Book Review: Riversong by Tess Hardwick

Riversong by Tess Hardwick

Amazon product description:

When Lee Tucker’s husband commits suicide, he leaves her pregnant and one million dollars in debt to a loan shark. Out of options, she escapes to her deceased mother’s dilapidated house located in a small Oregon town that, like her, is financially ruined, heartbroken and in desperate need of a fresh start. Lee’s resilience leads to a plan for a destination restaurant named Riversong, to new chances for passion and love, and to danger from her dead husband’s debt as her business blooms.

Author Tess Hardwick assembles a colorful cast of endearing small-town characters and takes you on a journey that will make you believe in the possibilities of life – even in the face of overwhelming adversity and unimaginable grief. Lee Tucker is the kind of woman you find yourself rooting for long after the last page is read.

A surprising mix of romance, humor, friendship, intrigue and gourmet food – Riversong entertains while reminding you of life’s greatest gifts.

My review:

I will be totally honest here, I chose to read this book because it came up on the “top 100 free Kindle books” email that I get a couple times a day. I definitely judge a book by its cover, and I downloaded this one because of the old Ford truck on the cover. My favorite kinds of books are historical fiction, especially those set in the Old South. So imagine my surprise to find that this one was set in Seattle and rural parts of Oregon. (No, I didn’t read the description before I started to read.) Despite not being in my ideal location, this book does what every good book with a strong, small-town setting does: the landscape and the location descriptions are so vivid that the setting almost becomes another major character in the novel.

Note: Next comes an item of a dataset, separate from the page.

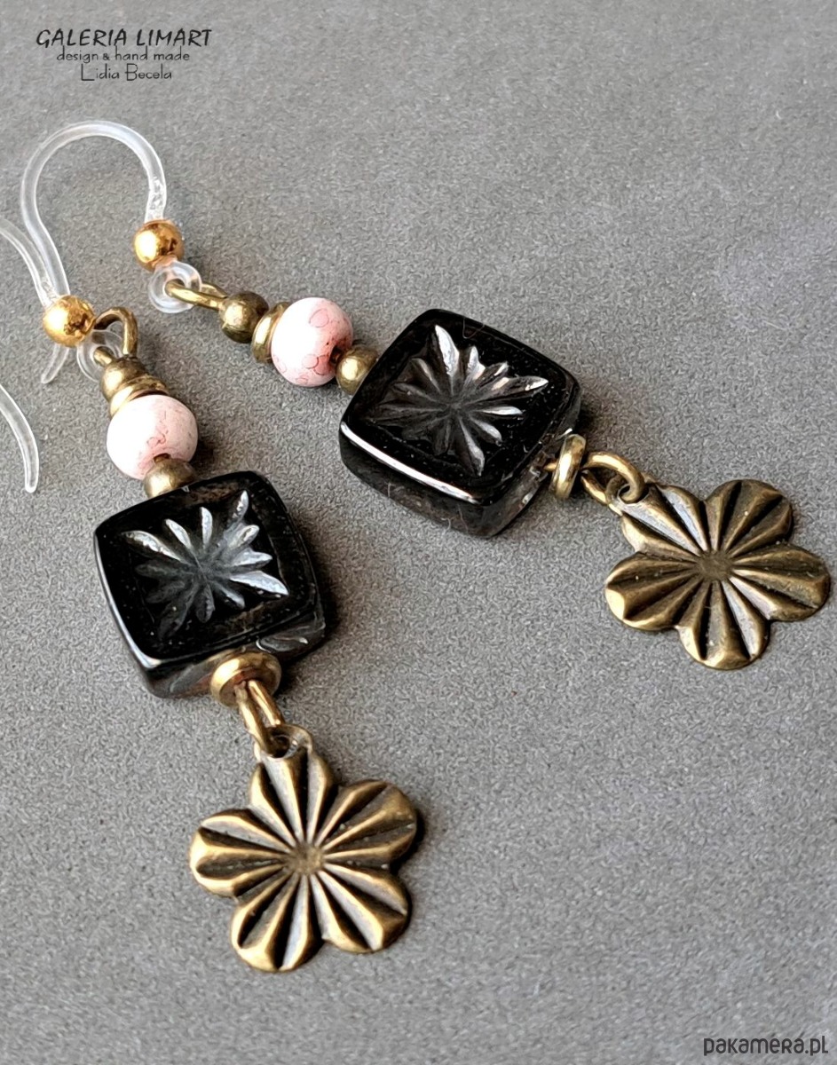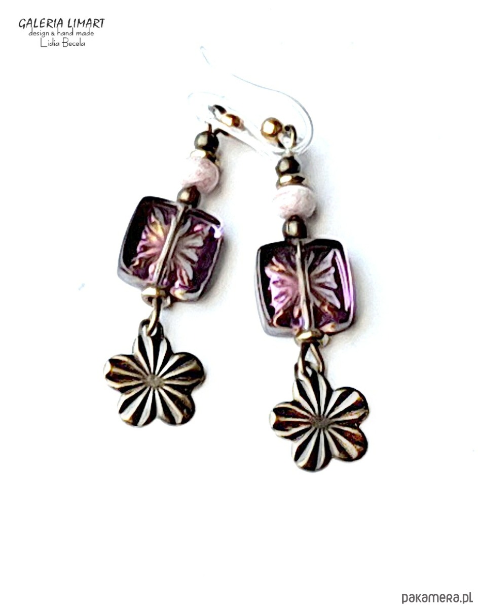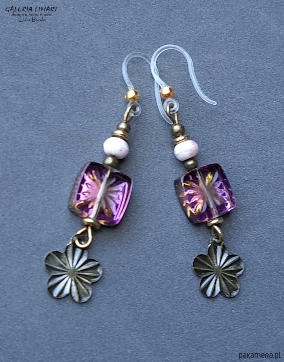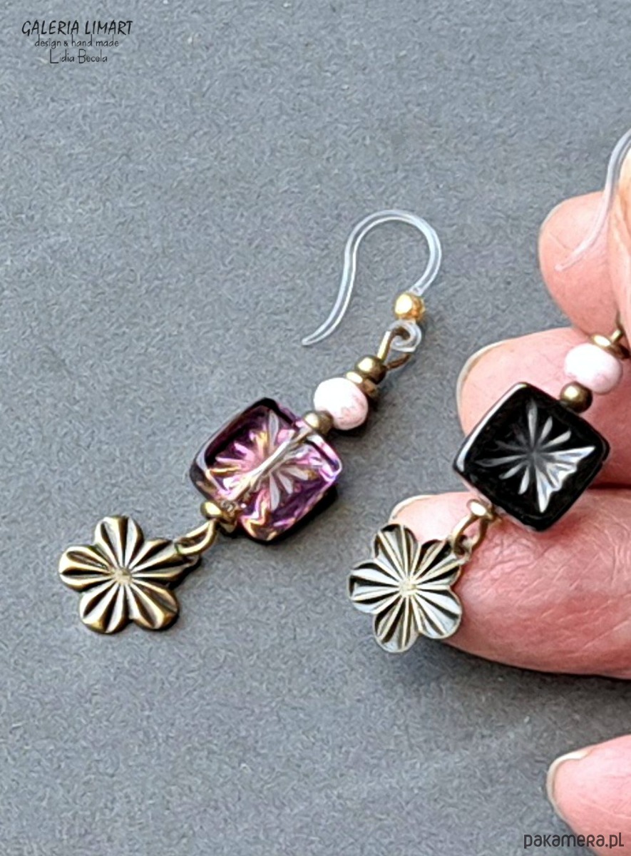 Połączenie kwadratowych szklanych czeskich koralików w cudnym odcieniu fioletu z mosiądzem dało miły dla oka ciekawy i efekt. Kolczyki sa dwustronne: z jednej strony piękny fiolet z drugiej czarne, czyli dwa w jednym. Nowoczesne antyalergiczne silikonowe bigle.

It seems to me that the major storyline in this novel (the romance of Lee & Tommy and her revitalization of Mike’s restaurant) is the best one. I get that the backstory of Lee’s alcoholic mother was necessary for character development, but the one of Lee’s husband committing suicide and the crushing debt he left behind was entirely superfluous, for me anyway. I guess the author had to make the husband’s death sudden and detached from the wife in order for Lee to be “morally free” to be with Tommy, but that still leaves all the loan shark business that was totally unnecessary to the story. I could have done with this just being a you-can’t-go-home-again type story, where her alcoholic mother dies and she just has to go home to clean up and sell the property, and the story could have moved on from there. The limping minion of the loan shark was simply an annoyance in an otherwise great debut novel.

The bottom line:

Yes, I got this book while it was free. It is now $2.99, and would I pay three dollars to read this book? Certainly. Would I have paid more than that? Probably not. This was a quick read and a nice way to spend a couple of days in beautiful, green Oregon without actually going there. Recommended, but only at the current price.